Collected data
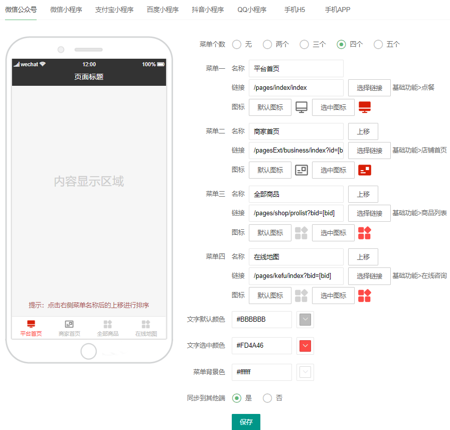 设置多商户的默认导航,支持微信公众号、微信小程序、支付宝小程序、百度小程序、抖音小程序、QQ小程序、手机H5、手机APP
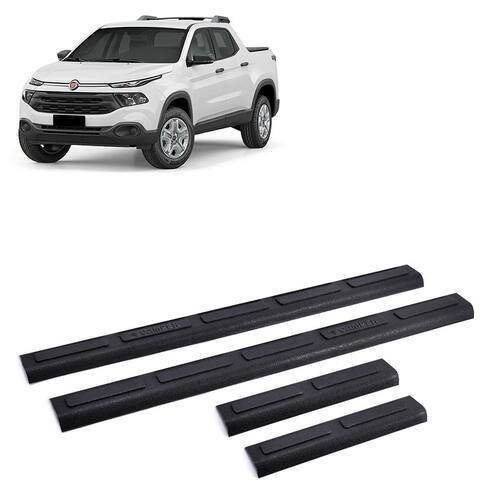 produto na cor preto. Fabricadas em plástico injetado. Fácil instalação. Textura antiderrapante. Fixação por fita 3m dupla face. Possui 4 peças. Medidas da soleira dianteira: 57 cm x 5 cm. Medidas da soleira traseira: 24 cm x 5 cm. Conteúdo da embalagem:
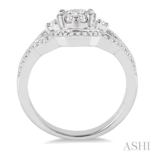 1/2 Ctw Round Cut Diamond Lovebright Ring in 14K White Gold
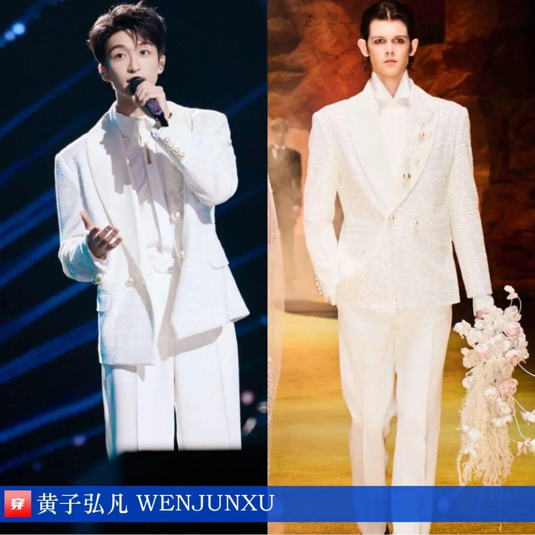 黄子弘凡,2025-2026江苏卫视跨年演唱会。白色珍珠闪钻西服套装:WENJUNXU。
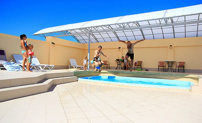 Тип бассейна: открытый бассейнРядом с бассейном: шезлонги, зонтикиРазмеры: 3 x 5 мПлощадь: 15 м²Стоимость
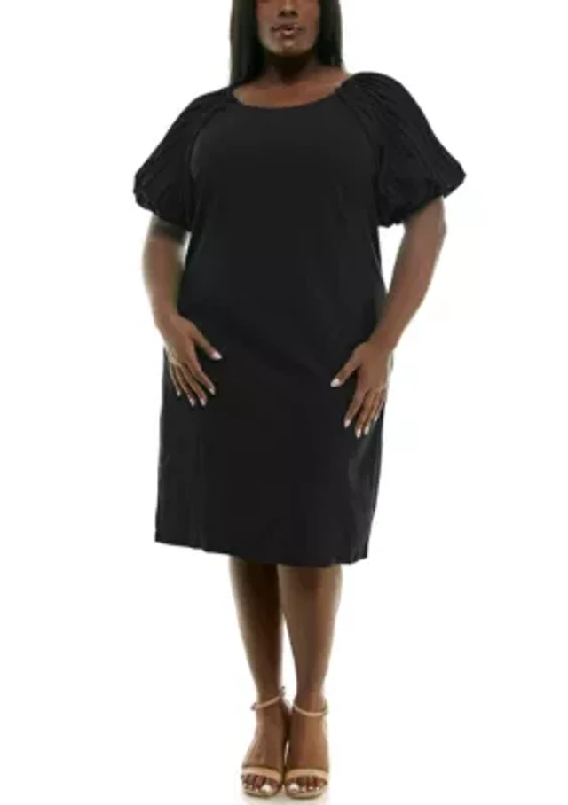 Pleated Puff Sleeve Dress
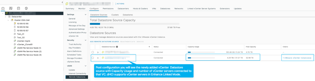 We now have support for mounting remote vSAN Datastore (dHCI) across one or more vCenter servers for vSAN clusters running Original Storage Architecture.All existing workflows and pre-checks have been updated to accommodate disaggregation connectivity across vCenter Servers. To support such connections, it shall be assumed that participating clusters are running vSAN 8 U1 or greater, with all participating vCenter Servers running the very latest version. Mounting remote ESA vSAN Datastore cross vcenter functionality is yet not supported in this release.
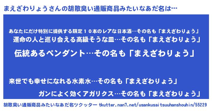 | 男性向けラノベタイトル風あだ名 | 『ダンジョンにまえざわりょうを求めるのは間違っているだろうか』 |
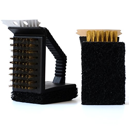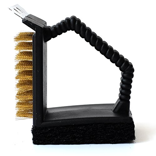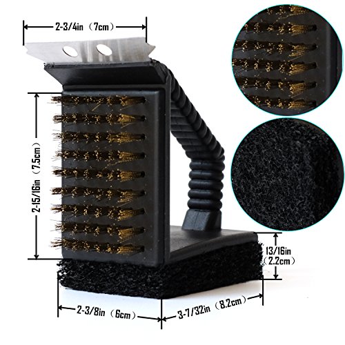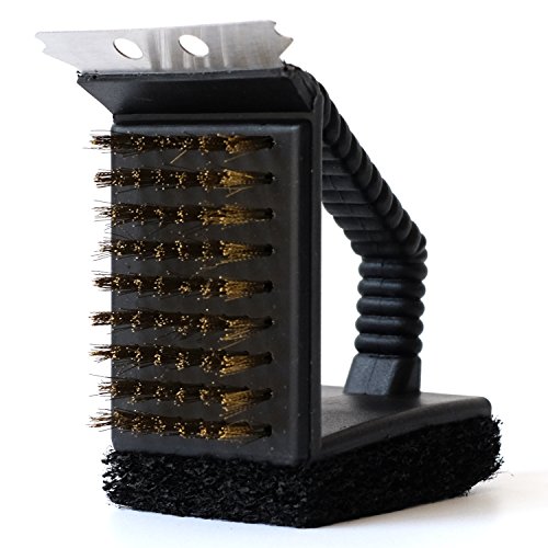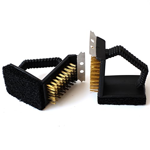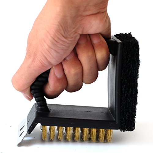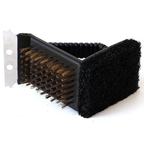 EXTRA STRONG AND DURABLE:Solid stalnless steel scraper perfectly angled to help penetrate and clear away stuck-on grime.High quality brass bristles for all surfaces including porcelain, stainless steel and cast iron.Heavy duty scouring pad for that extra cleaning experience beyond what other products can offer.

- ACTIVITY: Exact copies of all the entries, without any pictures, are what the answer must contain.

- EXERCISE RESPONSE:
 设置多商户的默认导航,支持微信公众号、微信小程序、支付宝小程序、百度小程序、抖音小程序、QQ小程序、手机H5、手机APP
 produto na cor preto. Fabricadas em plástico injetado. Fácil instalação. Textura antiderrapante. Fixação por fita 3m dupla face. Possui 4 peças. Medidas da soleira dianteira: 57 cm x 5 cm. Medidas da soleira traseira: 24 cm x 5 cm. Conteúdo da embalagem:
 1/2 Ctw Round Cut Diamond Lovebright Ring in 14K White Gold
 黄子弘凡,2025-2026江苏卫视跨年演唱会。白色珍珠闪钻西服套装:WENJUNXU。
 Тип бассейна: открытый бассейнРядом с бассейном: шезлонги, зонтикиРазмеры: 3 x 5 мПлощадь: 15 м²Стоимость
 Pleated Puff Sleeve Dress
 We now have support for mounting remote vSAN Datastore (dHCI) across one or more vCenter servers for vSAN clusters running Original Storage Architecture.All existing workflows and pre-checks have been updated to accommodate disaggregation connectivity across vCenter Servers. To support such connections, it shall be assumed that participating clusters are running vSAN 8 U1 or greater, with all participating vCenter Servers running the very latest version. Mounting remote ESA vSAN Datastore cross vcenter functionality is yet not supported in this release.
 | 男性向けラノベタイトル風あだ名 | 『ダンジョンにまえざわりょうを求めるのは間違っているだろうか』 |
 EXTRA STRONG AND DURABLE:Solid stalnless steel scraper perfectly angled to help penetrate and clear away stuck-on grime.High quality brass bristles for all surfaces including porcelain, stainless steel and cast iron.Heavy duty scouring pad for that extra cleaning experience beyond what other products can offer.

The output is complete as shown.